Key Considerations for Production Deployments#
While the patterns above are solid, real-world deployments require careful thought about a few additional concerns.
First, consider IAM permissions carefully. Your EventBridge rule needs permission to invoke Lambda functions, publish to SNS, and write to SQS. Your Lambda function needs permission to read from Secrets Manager, invoke SSM, and write back to SNS. These permissions should follow the principle of least privilege—grant only what’s necessary, not blanket access. CloudFormation and Terraform can help you define these precisely.
Second, think about idempotency. If EventBridge retries a failed Lambda invocation, your function might run twice. If you’re restarting services or updating secrets, make sure multiple invocations don’t cause unexpected behavior. Using unique identifiers (like the rotation ID) to track operations can help.
Third, set appropriate SQS message retention and visibility timeouts. By default, messages stay on an SQS queue for 4 days, which is usually fine for audit events. But if your audit consumer goes down for a week, you’ll lose events. Consider a longer retention period for critical audit trails.
Fourth, implement DLQ (dead letter queue) handling. If a message consistently fails to process (malformed JSON, service unavailable), you don’t want it blocking the rest of the queue. SQS supports DLQs, which catch problematic messages and let you investigate them separately.
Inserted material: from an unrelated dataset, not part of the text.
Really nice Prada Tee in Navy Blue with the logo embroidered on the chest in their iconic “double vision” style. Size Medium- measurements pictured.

Finally, test your failure scenarios. Create a test secret, deliberately break its rotation function, and verify that your entire pipeline works end-to-end. Does the Lambda actually run? Does SNS deliver notifications? Does SQS capture events? It’s far better to find gaps in your incident response during a controlled test than during an actual production incident.
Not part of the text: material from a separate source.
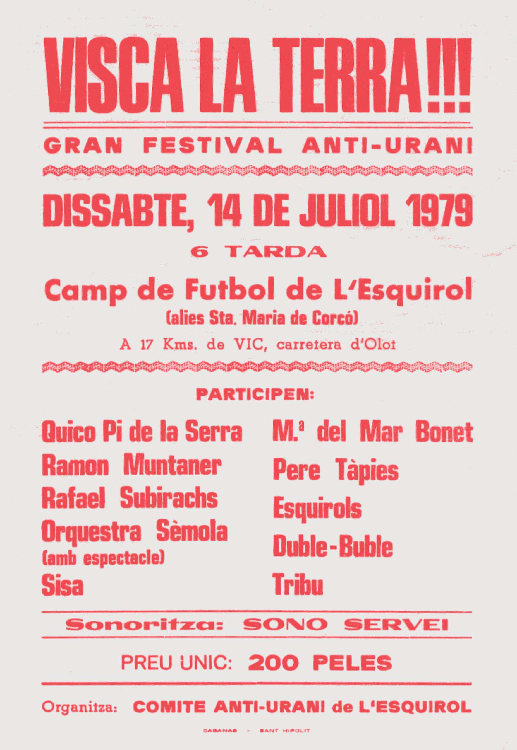 «Visca la Terra!: festival para defender una comarca. Vic. El pasado sábado y hasta que el cuerpo de las més de seis mil personas aguantó, se celebró el Festival Anti-uranio en la pequeña localidad de L’Esquirol, próxima a Vic. El fantasma del bandolero Joan de Serrallonga, esta vez convertido en ecologista, sobrevolaba a ritmo musical los campos de Osona bajo el lema “Visca la Terra!”, y que el comité organizador y todo el pueblo de L’Esquirol lo tomaron prestado para bautizar el festival….»

The Bigger Picture: Event-Driven Security#
What we’ve built here is more than just a notification system—it’s an event-driven security and operational workflow. By treating secret rotation events as first-class citizens in your architecture, you’re creating a system that’s observable, automated, and resilient.
This pattern extends beyond secret rotation. EventBridge rules can respond to EC2 state changes, RDS failovers, Lambda errors, or any other AWS event. The same principles apply: capture the event, route it to appropriate targets, and trigger automated responses. Over time, you build a self-healing infrastructure where common failure modes are detected and remediated before they affect users.
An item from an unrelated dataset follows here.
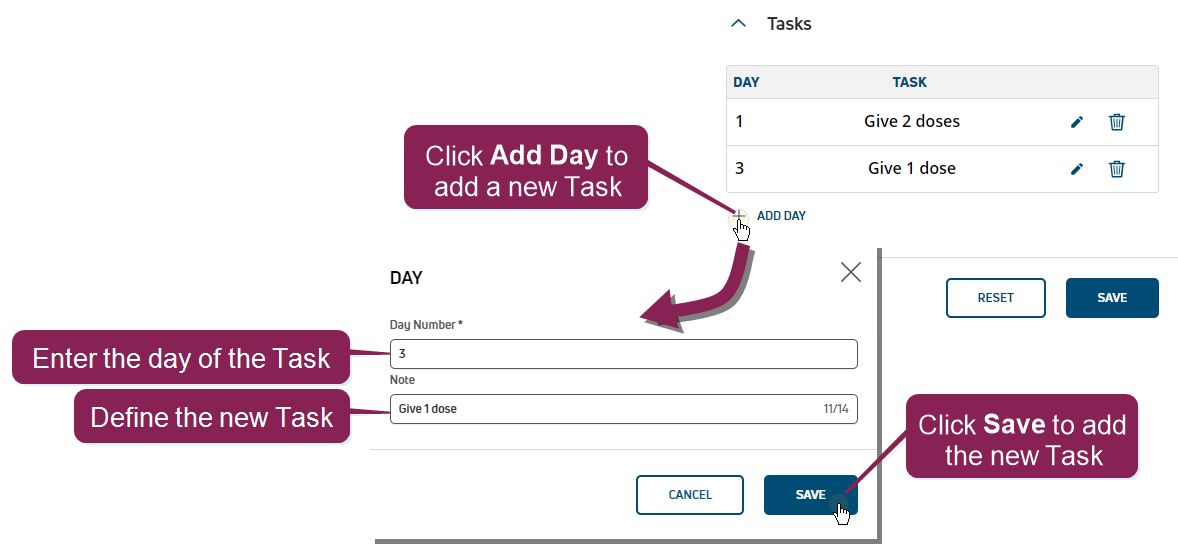 - Tasks: You must add at least one Task before you can save the protocol. A Task is an action that users must follow to complete the protocol. For example, a Task on Day 1 might instruct the user to "Give 2 doses," and a Task on Day 3 might instruct the user to "Give 1 dose."

The key is recognizing that events are data, and data enables action. By instrumenting your systems to emit events and building rules to respond to them, you’re moving from a reactive, manual operational model to a proactive, automated one.
Conclusion#
Secret rotation is a critical security practice, but it only works if you can detect and respond to failures. AWS Secrets Manager publishes rotation events, and EventBridge makes it trivial to build sophisticated responses to those events. A few carefully crafted rules can connect rotation failures to SNS notifications, Lambda remediation, and SQS audit logging, creating a system where failures trigger automatic recovery attempts before ops teams even need to get involved.
The architecture is elegant because each piece has a single responsibility. Secrets Manager manages credentials. EventBridge routes events. Lambda orchestrates recovery. SNS notifies humans. SQS preserves audit history. By combining these services through event-driven patterns, you build a rotation system that’s transparent, resilient, and aligned with how modern applications should operate.
Start by implementing the basics: EventBridge rules to capture rotation failures, an SNS topic for notifications, and an SQS queue for auditing. From there, layer in Lambda-based remediation to handle your specific failure scenarios. Test thoroughly, monitor the whole pipeline, and over time you’ll develop a system you can trust to keep your secrets fresh and your applications running.